La qualité de service (QoS) est une fonctionnalité importante des VPN. Cependant la technologie n’est pas encore assez avancée et les solutions proposées sur le marché à l’heure actuelle ne permettent que des garanties sur des réseaux locaux propriétaires, c’est pourquoi peu d’ISP proposent à leurs clients des solutions VPNs.

La sécurité des échanges est assurée à plusieurs niveaux et par différentes fonctions comme le cryptage des données, l’authentification des deux extrémités communicantes et le contrôle d’accès des utilisateurs aux ressources.

e) VPN : Principaux protocoles

Il existe sur le marché trois principaux protocoles :
- PPTP (Point to Point Tunnelling Protocol) de Microsoft
- L2F (Layer Two Forwarding) de Cisco
- L2TP (Layer Two Tunnelling Protocol) de l’IETF

f) VPN et VoIP : Conclusions

Même si le principe de transmettre la voix par VPN est alléchant, la viabilité du projet n'est pas encore prouvée. En effet, on retrouve un écueil majeur : le Temps de latence. La transmission VoIP est déjà soumise à des difficultés conséquente au niveau délais. L'adjonction à un VPN, ne fait qu'augmenter ce paramètre, ceci à cause du cryptage des données. Comme le VPN assure une transmission sécurisée, il lui faut pouvoir encrypter et décrypter les données transférées. Ceci induit des temps supplémentaires, nuisible pour VoIP.

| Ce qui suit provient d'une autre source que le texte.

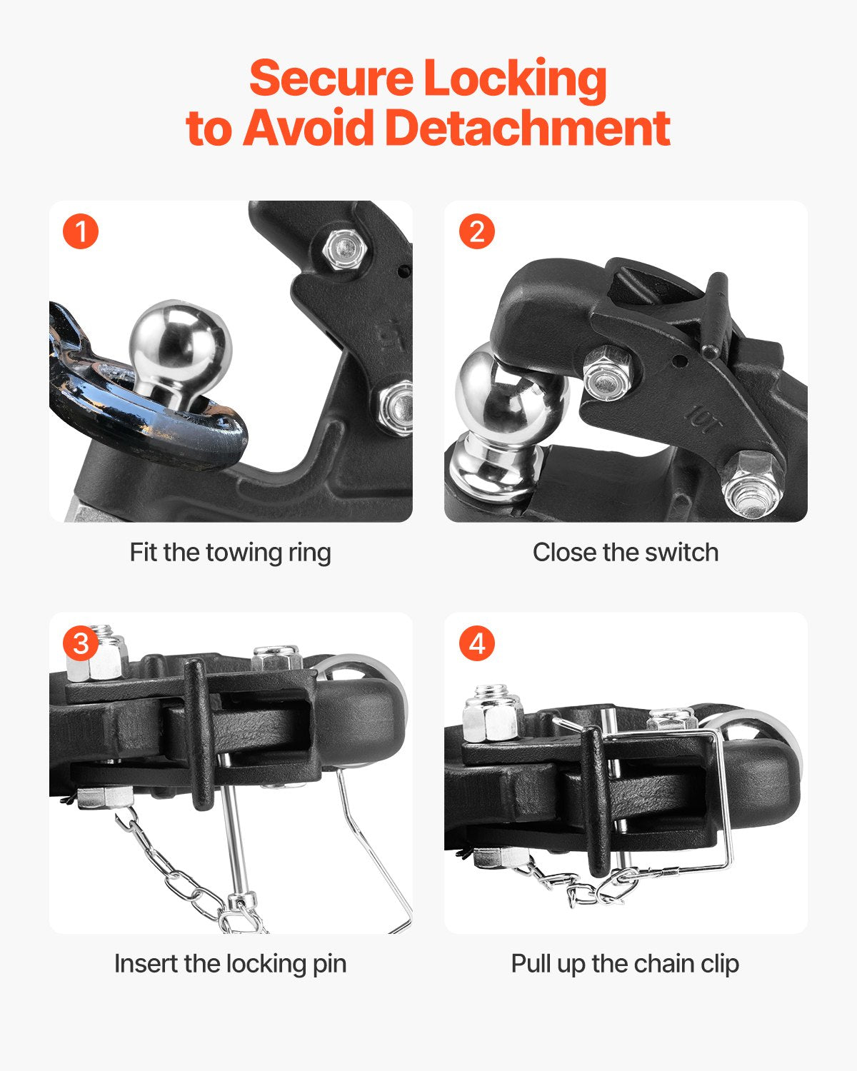 - Security Locking: After pulling down the latch, secure the pintle hook trailer hitch with a pin or R-pin to minimize the risk of accidental detachment or loosening during use. This is especially beneficial for travel on bumpy roads, providing extra security.

VIII. Compensation des Pertes de Paquets

Les solutions exposées précédemment tendent principalement à éliminer les défauts dus aux délais. Cependant les problèmes de pertes sont encore présents avec certaines solutions. Ce chapitre donne quelques voies de recherche pour la compensation des pertes. Elles sont de trois sortes :
- Interpolation des paquets manquants : cette méthode vise à remplacer un paquet perdu par le dernier paquet reçu. Cette solution marche correctement lorsque les pertes sont peu fréquentes.
- Redondance de données : le principe adopté, est de transmettre dans chaque paquet de voix le paquet précédent et l'actuel. Le problème associé à ce procédé est de doubler la bande passante utile.
- Redondance hybride : le moyen utilisé est similaire au précédent, sauf que le paquet de voix précédent n'est plus brut, mais compressé. Cela réduit un peu la bande passante nécessaire.